Two of Turkey’s three drilling vessels are preparing to collaborate in the Black Sea, a report said Friday, as Fatih will be opening the designated wells, while Kanuni will be doing well tests and provide data necessary to develop the field.
Following the discovery of the natural gas at the Tuna-1 location in the Sakarya gas field, located about 100 nautical miles north of the Turkish coast, Fatih will kickstart new exploration activities in Türkali-1 borehole in the same site as of next month, Anadolu Agency (AA) reported.
The vessel is currently anchored off the coastal town of Filyos for maintenance and technical works.
The country's third drillship, Kanuni, arrived off Istanbul Monday and is anchored at the Haydarpaşa Port on the city’s Asian side where it is projected to stay for two to three weeks.
It will set sail for the Black Sea after the tower disassembly works are completed for the vessel to pass under the three Bosporus bridges.
The Türkali-1 borehole and the tests to be done there are expected to provide additional information about the existing reserves and production potential.
The work on the borehole is also said to allow for a better understanding of the gas potential of the field. Fatih’s drilling of the first designated well is also expected to play an important role in clarifying the technical characteristics of the site.
A total of 40 production wells will be drilled within the scope of Turkey’s Black Sea activities.
According to AA, a nearly 33,000-kilometer (20,505-mile) wide area, namely 18% of Turkey’s Exclusive Economic Zone (EEZ) of 180,000 kilometers, has been scanned via 3D seismic studies so far.
The report said seismic studies have been completed in an area of 2,200 kilometers in the Sakarya gas field, which size is said to be 10,700 kilometers. Natural gas was found in a 225-kilometer area of the field.
Seismic works in the remaining 8,500-kilometer area will begin next month. Related seismic data are said to be obtained in the first half of next year as a result of five-to-six-month-long works.
In light of the data, the country will decide on new exploratory drillings in the site.
Turkey last week raised the estimated reserves in the Sakarya gas field to 405 billion cubic meters (bcm) after finding an additional 85 bcm. President Recep Tayyip Erdoğan in August said the field contained 320 bcm of gas, making it the country's biggest natural gas discovery.
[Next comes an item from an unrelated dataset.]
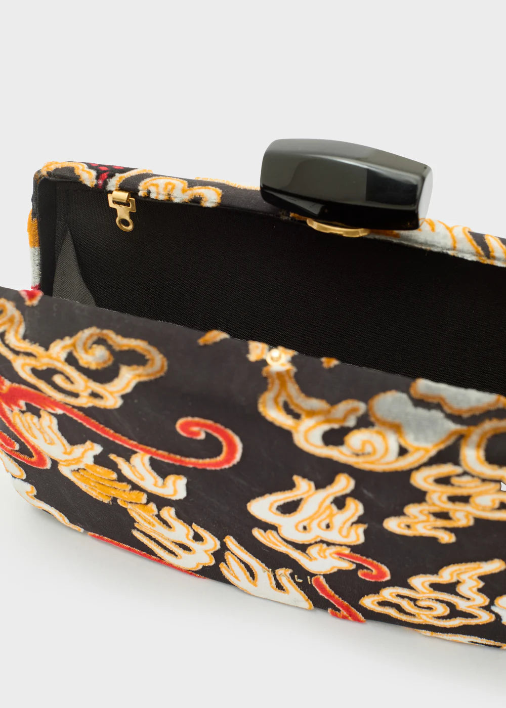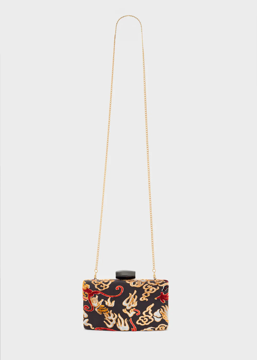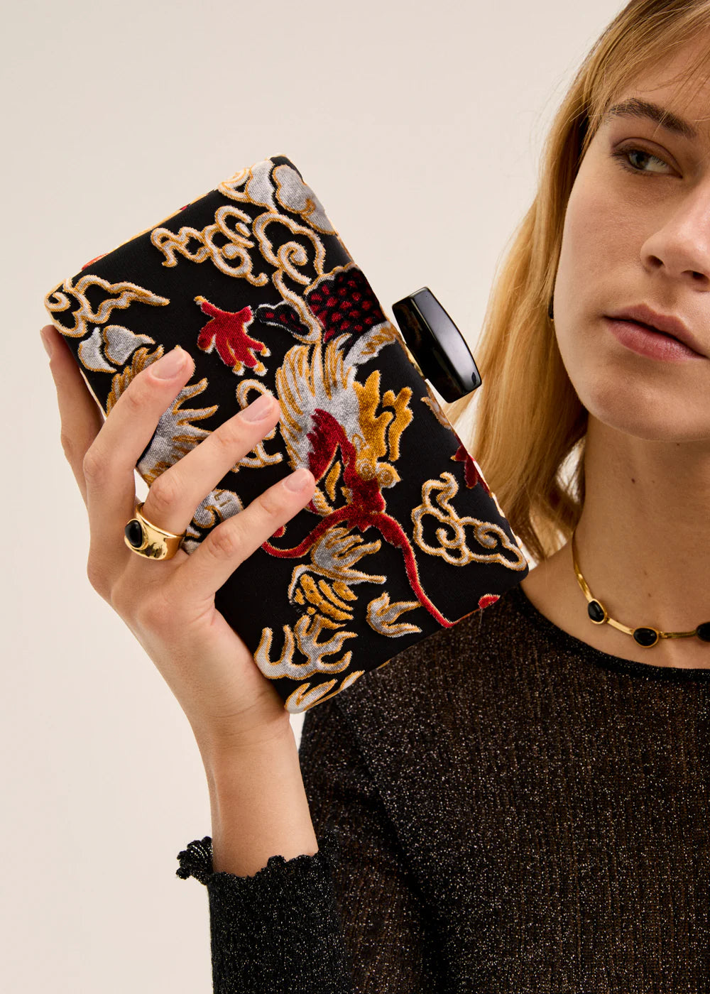 La clutch da donna in velluto firmata Nalì si distingue per il raffinato disegno di un dragone, che aggiunge un tocco di mistero e originalità al colore nero intenso. Questo accessorio sofisticato unisce materiali pregiati e design esclusivo, ideale per completare con eleganza e carattere ogni look serale.
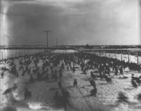 665 "3067 Rabbits Were Killed in the Morning Drive. February 11, 1913;" Rabbit drive, with hundreds of rabbits in the foreground being pushed down a lane by a large group of hunters in the background

Even before Saturday's revision, analysts had said the find represents a major discovery and was one of the largest global discoveries in 2020.
Turkey expects the first gas flow from the field in 2023, with an envisaged annual gas flow of between 5 bcm-10 bcm. The field is expected to reach plateau production of around 15 bcm as of 2025.
Energy and Natural Resources Minister Fatih Dönmez, at an interview with broadcaster A Para on Thursday, said Turkey will operate the gas field on its own, but it may cooperate with foreign firms in terms of detailed work and equipment.
The gas find is expected to transform Turkey's dependence on Russia, Iran and Azerbaijan for energy imports.
Ankara expects gas suppliers to offer more competitive pricing and flexibility if they want to renew long-term contracts for 16 bcm per year.
More than a quarter of Turkey's long-term gas contracts expire next year, including imports via pipeline from Russia's Gazprom and Azerbaijan's SOCAR and a liquefied natural gas (LNG) deal with Nigeria.